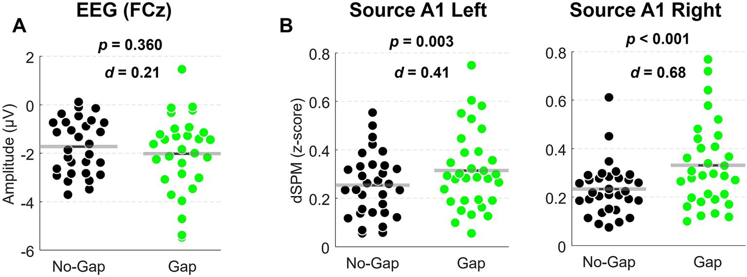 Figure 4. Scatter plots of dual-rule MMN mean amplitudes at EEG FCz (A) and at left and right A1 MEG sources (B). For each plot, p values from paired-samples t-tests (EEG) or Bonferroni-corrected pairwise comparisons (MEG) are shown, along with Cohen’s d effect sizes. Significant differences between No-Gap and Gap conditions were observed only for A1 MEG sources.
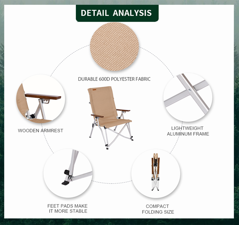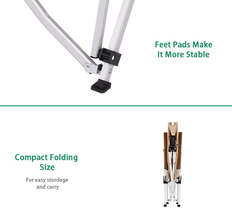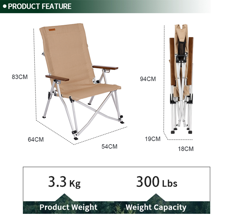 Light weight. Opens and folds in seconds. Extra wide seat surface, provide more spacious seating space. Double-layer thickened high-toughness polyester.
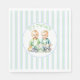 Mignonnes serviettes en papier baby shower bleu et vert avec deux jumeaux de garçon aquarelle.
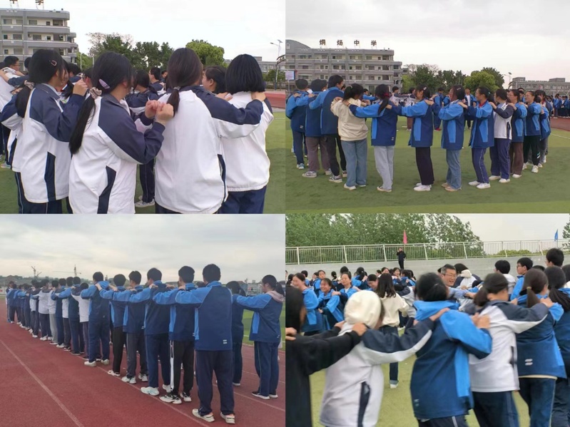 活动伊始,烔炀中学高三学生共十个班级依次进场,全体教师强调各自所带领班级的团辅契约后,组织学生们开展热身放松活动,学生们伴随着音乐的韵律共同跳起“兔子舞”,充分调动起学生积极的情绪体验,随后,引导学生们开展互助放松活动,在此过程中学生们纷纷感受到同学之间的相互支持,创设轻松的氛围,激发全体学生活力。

--

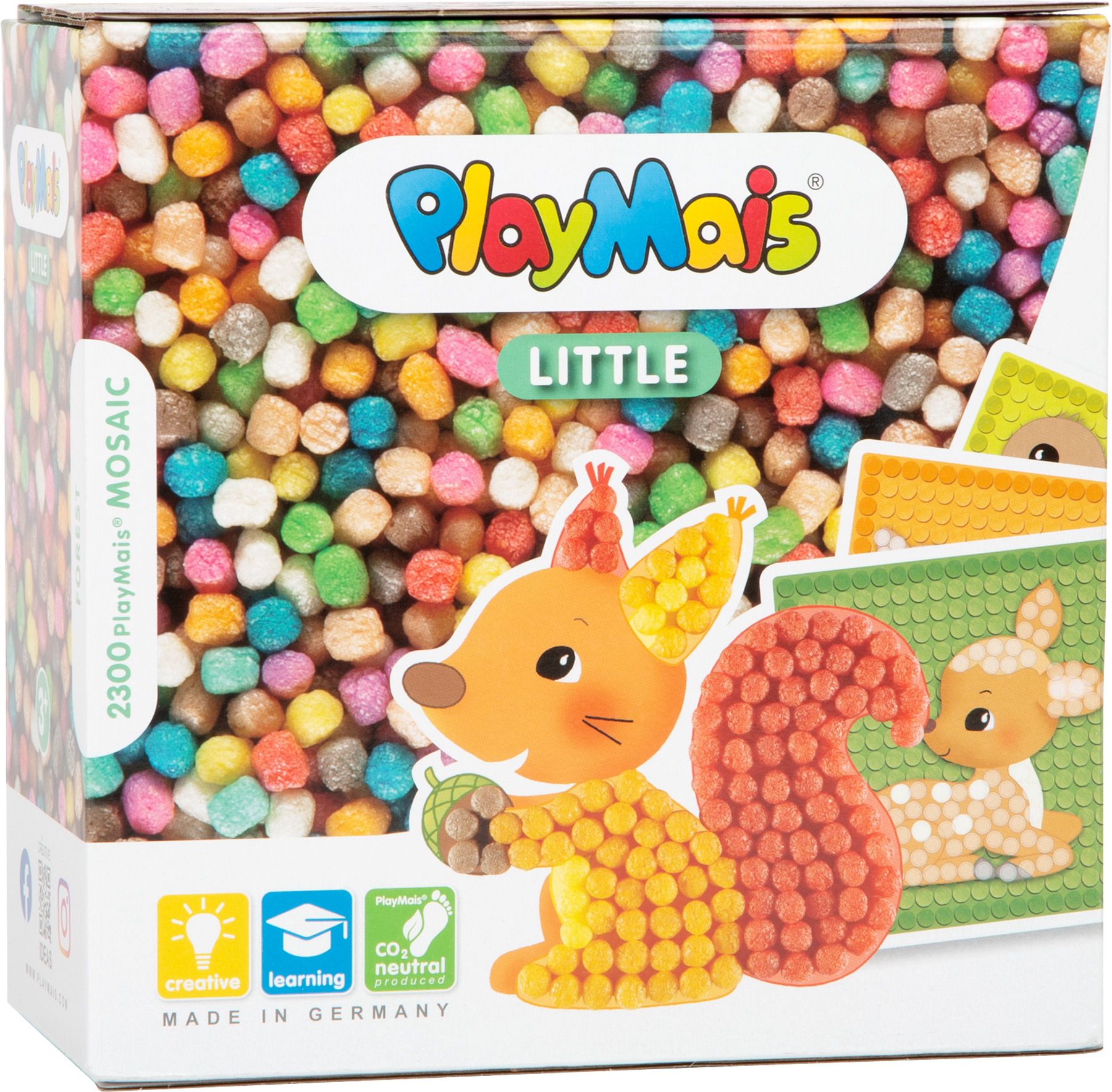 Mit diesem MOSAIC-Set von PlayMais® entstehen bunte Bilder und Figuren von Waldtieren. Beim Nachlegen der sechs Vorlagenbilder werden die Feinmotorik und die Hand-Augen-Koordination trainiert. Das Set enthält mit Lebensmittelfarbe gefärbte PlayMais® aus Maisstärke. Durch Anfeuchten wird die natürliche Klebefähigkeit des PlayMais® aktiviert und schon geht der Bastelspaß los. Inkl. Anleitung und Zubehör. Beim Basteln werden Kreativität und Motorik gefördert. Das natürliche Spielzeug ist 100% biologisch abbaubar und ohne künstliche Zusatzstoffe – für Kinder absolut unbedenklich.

:: Exercise details ::
Leaving pictures out, output the lines of the data above from the one with "Figure 4. Scatter" through the one with "活动伊始,烔炀中学高三学生共", word for word.

:: Written reply ::
 Figure 4. Scatter plots of dual-rule MMN mean amplitudes at EEG FCz (A) and at left and right A1 MEG sources (B). For each plot, p values from paired-samples t-tests (EEG) or Bonferroni-corrected pairwise comparisons (MEG) are shown, along with Cohen’s d effect sizes. Significant differences between No-Gap and Gap conditions were observed only for A1 MEG sources.
 Light weight. Opens and folds in seconds. Extra wide seat surface, provide more spacious seating space. Double-layer thickened high-toughness polyester.
 Mignonnes serviettes en papier baby shower bleu et vert avec deux jumeaux de garçon aquarelle.
 活动伊始,烔炀中学高三学生共十个班级依次进场,全体教师强调各自所带领班级的团辅契约后,组织学生们开展热身放松活动,学生们伴随着音乐的韵律共同跳起“兔子舞”,充分调动起学生积极的情绪体验,随后,引导学生们开展互助放松活动,在此过程中学生们纷纷感受到同学之间的相互支持,创设轻松的氛围,激发全体学生活力。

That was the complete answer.